B. Tips for Accurate Diagnosis

To navigate these pitfalls and leverage the full power of dermoscopy lentigo maligna analysis, adhere to these practical tips:

1. Context is King: Always correlate dermoscopy with clinical context. LM typically occurs on the head and neck of older, sun-damaged individuals. A lesion with equivocal dermoscopic features in this location warrants more suspicion than one on the trunk.
2. Search for Gray: Make a conscious, systematic search for any shade of gray (dots, circles, structureless areas). This remains the most valuable color clue.
3. Follicular Centricity: Focus examination on the follicular units. Look for asymmetry, darkness, and irregularity in the perifollicular pigmentation.
4. Complete Perimeter Scan: Use the dermoscope to slowly trace the entire lesion border and just beyond it. Early spread of LM ("field effect") may manifest as isolated gray dots or APFOs outside the clinically visible margin.
5. Sequential Monitoring with Digital Dermoscopy: For highly suspicious but not diagnostic lesions, short-term sequential digital dermoscopy (3-month intervals) is invaluable. Any change in the patterns described in this atlas, especially the emergence or increase of gray structures, is a red flag.
6. When in Doubt, Biopsy: Dermoscopy improves accuracy but does not replace histopathology. A broad, shallow saucerization biopsy is often recommended for large facial lesions to sample the most suspicious dermoscopic area and obtain adequate tissue for the pathologist.

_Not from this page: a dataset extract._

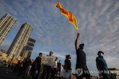 epa09952902 Protesters shout slogans and wave Sri Lankan flags during a protest in front of the Presidential Secretariat in Colombo, Sri Lanka, 17 May 2022. Thousands of protesters stage the Occupy Galle Face protest since over a month in front of the Presidential Secretariat calling for the resignation of the president over the alleged failure to address the economic crisis. Sri Lanka faces its worst economic crisis in decades due to the lack of foreign exchange, resulting in severe shortages in food, fuel, medicine, and imported goods. EPA/CHAMILA KARUNARATHNE
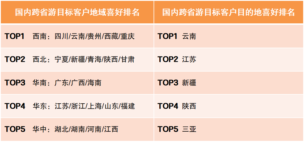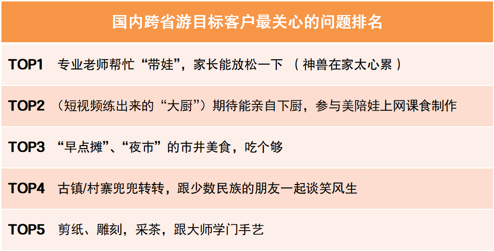 通過針對中青旅遨游網(wǎng)會員、中青旅聯(lián)盟成員單位的忠實客戶等群體的調(diào)研,以及近半年中青旅遨游網(wǎng)搜索、瀏覽的監(jiān)測數(shù)據(jù)進行綜合分析。結(jié)果顯示,西南和西北是客戶喜好程度最高的兩大地域;云南、江蘇、新疆、三亞、陜西是客戶喜好程度最高的五大熱門目的地??蛻糇铌P(guān)心的問題,帶娃、參與、美食、閑逛、學藝則位列前五名。

V. Enhancing Diagnostic Accuracy with Visual Examples

The journey through this visual atlas culminates in a reinforced understanding that proficiency in lentigo maligna dermoscopy is an acquired skill, honed by deliberate study of high-quality, annotated images. The patterns—from the subtle asymmetric follicular openings of early disease to the ominous blue-white veil of invasion—form a visual language. This atlas provides the vocabulary and grammar of that language. By internalizing these visual examples, clinicians move from a state of uncertainty to one of pattern recognition. This translates directly to clinical practice: increased confidence in diagnosing early LM, leading to timely and potentially curative intervention; improved accuracy in distinguishing LM from its many benign mimics, reducing patient anxiety and unnecessary procedures; and a structured approach to evaluating complex, advanced lesions. Ultimately, the consistent application of this knowledge, guided by the principle of correlating dermoscopic patterns with clinical context, is the most powerful tool for enhancing diagnostic accuracy and optimizing patient care in the management of this challenging melanoma variant.